Records from a dataset:
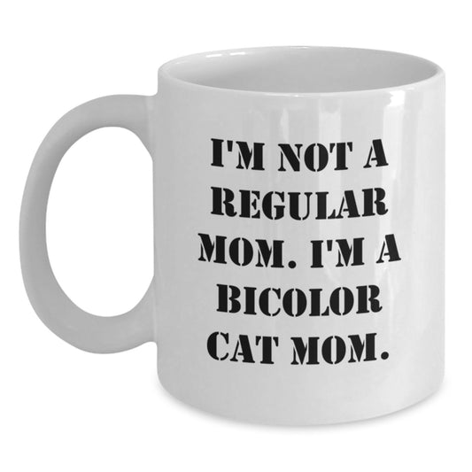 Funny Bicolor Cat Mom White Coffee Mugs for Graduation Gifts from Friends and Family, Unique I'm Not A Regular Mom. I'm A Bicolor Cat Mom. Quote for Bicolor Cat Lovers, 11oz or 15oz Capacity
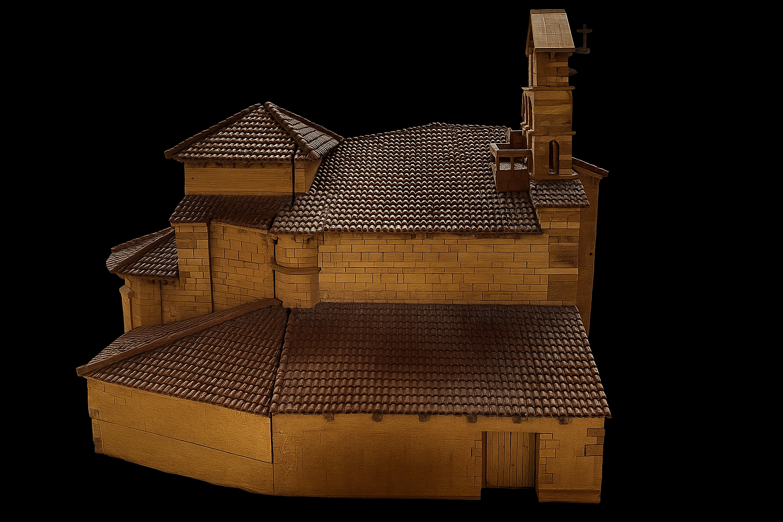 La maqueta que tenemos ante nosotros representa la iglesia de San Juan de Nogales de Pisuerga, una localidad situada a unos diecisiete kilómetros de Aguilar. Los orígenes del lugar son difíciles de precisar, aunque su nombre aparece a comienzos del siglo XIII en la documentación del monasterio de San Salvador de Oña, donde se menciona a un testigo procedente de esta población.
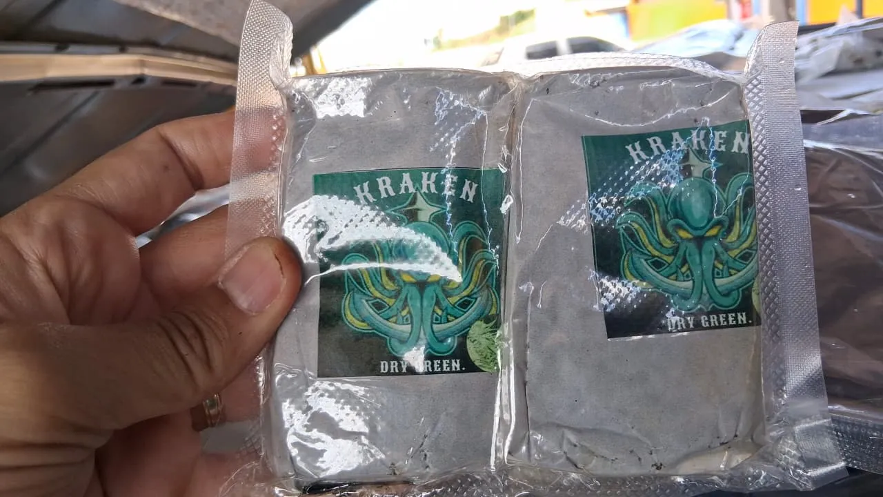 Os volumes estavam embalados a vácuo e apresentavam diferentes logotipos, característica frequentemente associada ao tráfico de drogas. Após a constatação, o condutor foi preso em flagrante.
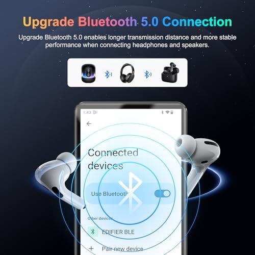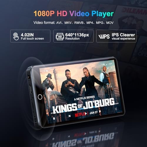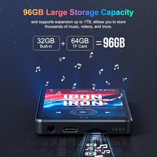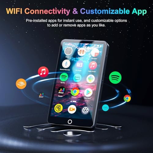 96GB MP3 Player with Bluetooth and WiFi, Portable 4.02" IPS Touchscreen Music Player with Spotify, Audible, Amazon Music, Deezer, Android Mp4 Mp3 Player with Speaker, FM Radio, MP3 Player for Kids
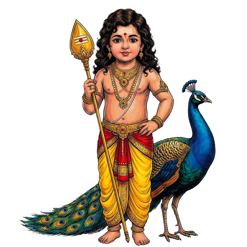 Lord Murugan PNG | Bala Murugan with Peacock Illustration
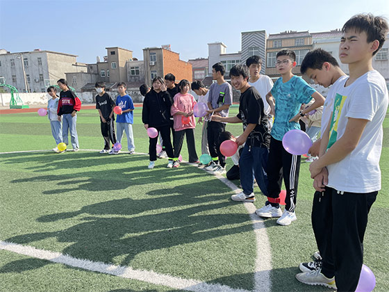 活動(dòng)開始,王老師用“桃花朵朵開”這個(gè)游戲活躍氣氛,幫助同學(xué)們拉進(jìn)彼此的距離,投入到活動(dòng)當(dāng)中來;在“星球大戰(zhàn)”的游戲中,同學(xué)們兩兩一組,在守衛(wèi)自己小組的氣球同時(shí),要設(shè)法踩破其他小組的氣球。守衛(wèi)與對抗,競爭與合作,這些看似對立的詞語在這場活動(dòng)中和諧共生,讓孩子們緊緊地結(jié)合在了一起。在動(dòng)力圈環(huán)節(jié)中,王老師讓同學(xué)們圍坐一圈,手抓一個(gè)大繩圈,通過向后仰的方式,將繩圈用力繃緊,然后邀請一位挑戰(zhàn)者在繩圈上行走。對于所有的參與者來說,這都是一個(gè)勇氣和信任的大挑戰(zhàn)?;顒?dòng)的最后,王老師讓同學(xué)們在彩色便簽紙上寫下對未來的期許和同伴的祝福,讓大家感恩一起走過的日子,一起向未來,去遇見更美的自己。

__Exercise__
Starting at the line that contains "96GB MP3 Player" and ending at the final line of the data, reproduce each line exactly. Pictures stay out of the copy.

__Answer to the problem__
 96GB MP3 Player with Bluetooth and WiFi, Portable 4.02" IPS Touchscreen Music Player with Spotify, Audible, Amazon Music, Deezer, Android Mp4 Mp3 Player with Speaker, FM Radio, MP3 Player for Kids
 Lord Murugan PNG | Bala Murugan with Peacock Illustration
 活動(dòng)開始,王老師用“桃花朵朵開”這個(gè)游戲活躍氣氛,幫助同學(xué)們拉進(jìn)彼此的距離,投入到活動(dòng)當(dāng)中來;在“星球大戰(zhàn)”的游戲中,同學(xué)們兩兩一組,在守衛(wèi)自己小組的氣球同時(shí),要設(shè)法踩破其他小組的氣球。守衛(wèi)與對抗,競爭與合作,這些看似對立的詞語在這場活動(dòng)中和諧共生,讓孩子們緊緊地結(jié)合在了一起。在動(dòng)力圈環(huán)節(jié)中,王老師讓同學(xué)們圍坐一圈,手抓一個(gè)大繩圈,通過向后仰的方式,將繩圈用力繃緊,然后邀請一位挑戰(zhàn)者在繩圈上行走。對于所有的參與者來說,這都是一個(gè)勇氣和信任的大挑戰(zhàn)?;顒?dòng)的最后,王老師讓同學(xué)們在彩色便簽紙上寫下對未來的期許和同伴的祝福,讓大家感恩一起走過的日子,一起向未來,去遇見更美的自己。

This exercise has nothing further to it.